RAG-based LLM is a well-known architecture in current usage of Large Language Models (LLM). It involves “retrieval” to provide the model with prior knowledge that it lacks during training, enabling the model to answer questions in the context of specific information.

For many businesses or merchants, the “processing of text tasks with large language models” is a practical and utilizable technology. For example, in the year 2023, countless companies aspire to create their own customer service chatbots that understand internal company data using models like ChatGPT, Llama, Mistral, and more.

In many scenarios, retraining a dedicated customer service AI involves significant resource costs. Therefore, training a model that understands internal company documents and bases its responses on them is very helpful. The system that allows this, where a user’s query Q is used to retrieve the relevant top-K documents through a retrieval system R and then a large language model generates responses based on these top-K documents for question Q, is known as the RAG (Retrieval-Augmented Generation) architecture.

RAG Architecture

However, the “hallucination problem” of large language models has not been resolved in the past year. Even with the RAG approach, where relevant information is retrieved for the model to answer user questions, there are still potential issues:

  1. The retrieved information (context) heavily relies on the embedding model, which may result in retrieving unrelated information to the user’s query, introducing noise into the model.
  2. Retrieving information for all texts is an inefficient behavior, and providing more context to the model increases the computational burden of self-regressive models exponentially.

Self-RAG partially addresses the model’s hallucination problem by introducing a “reflection token.” This token allows the model to propose retrieval when it believes it needs to retrieve information. It scores and continues its response based on the retrieved paragraphs, and finally generates scores for its own response. The generation of different paragraphs retrieved is done in parallel, so the scores from the reflection token are used to select the generated paragraphs.

You can refer to the above diagram for a comparison of the process between Self-RAG and the typical RAG approach.


Training Of Self-RAG

The training process involves two components: the Critic Model (C) and the Generator Model (M).

The Critic Model (C) is specifically trained to generate reflection tokens, and its primary task is to produce evaluations for the retrieved information and the generated responses. On the other hand, the Generator Model (M) is the model used for inference, responsible for generating responses. It continues training based on the data generated by the Critic Model.

訓練階段和推理階段的流程是不同的。首先先紀錄訓練流程。
在訓練時,模型分成兩個部份:評論模型(Critic Model, 簡稱 C)和生成模型(Generator Model,簡稱 M)。

1. Training of the Critic Model (C)

  • C’s task is to generate reflection tokens, which are used to evaluate the retrieved passages and assign scores to the generated responses.
  • During training, C utilizes a dataset annotated by GPT-4, which primarily consists of passages retrieved by the retrieval system (R) and the corresponding reflection tokens that C should produce.
  • Finally, the C model is employed to update the training data, and the data marked by C is subsequently used for training the generation model (M). This process ensures that in real-world inference tasks, the generation model M is capable of generating these reflection tokens on its own.

According to the diagram, reflection tokens come in various categories:

  1. Retrieve: yes/no/continue
  2. IsREL: relevant/irrelevant
  3. IsSUP: fully supported/partially supported/not supported
  4. IsUSE: 5/4/3/2/1


2. Training of the Generation Model (M)

M continues training from the data labeled by the C model, and it can generate text and reflection tokens on its own.
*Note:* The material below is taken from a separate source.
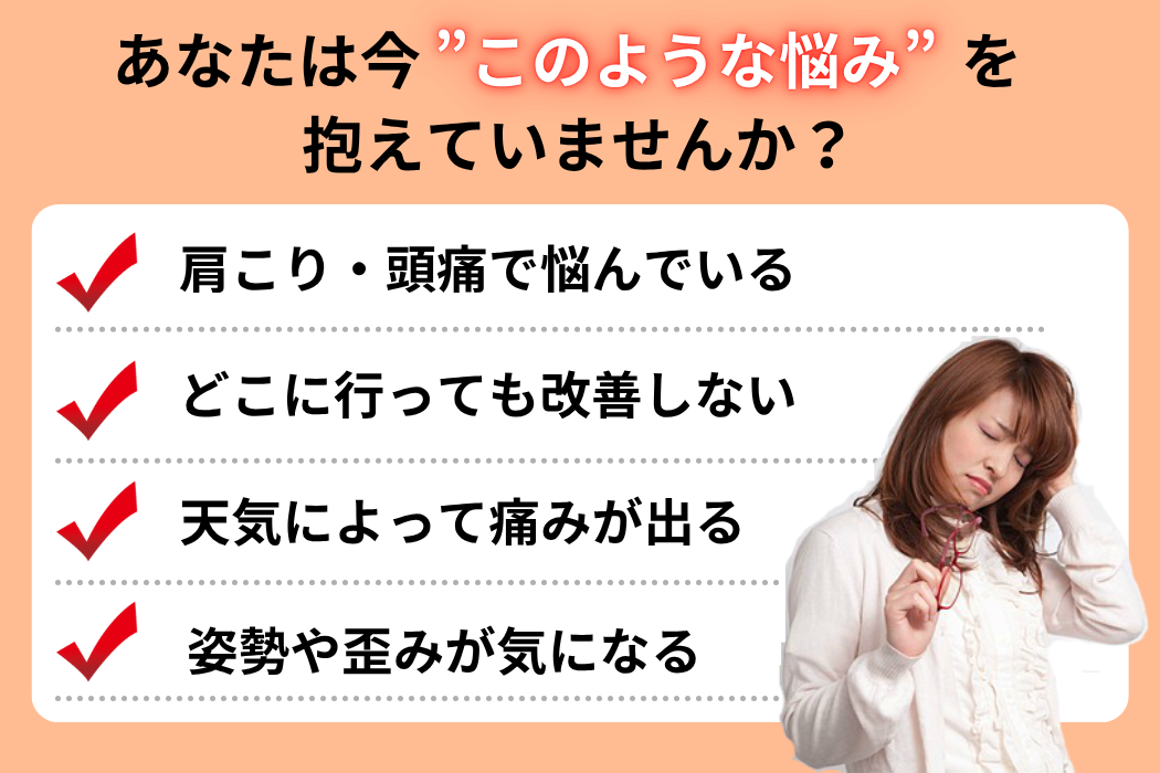 また、歪みが原因で肩こりを悪化させ、頭痛が伴うことも少なくありません。

You can think of it as first training a specialized model to learn these reflection tasks and then letting the final generative model learn this process. It can also be understood as a way to reduce the cost of labeling all the reflection tokens with GPT-4. Instead, knowledge specific to this task is distilled into a smaller language model, which then handles all the task labeling.


Inference Of Self-RAG

The key difference between Self-RAG and regular RAG lies in the following process:

  1. The model actively proposes retrieval tokens for information retrieval.
  2. Parallel generation of segments based on the retrieved information.
  3. Checking the generated results for relevance and selecting the most relevant segments.
  4. Repeating the retrieval process…
  5. And so on, until the generation is complete.

Of course, the model may not perform any retrieval throughout and rely solely on its own inherent knowledge to answer.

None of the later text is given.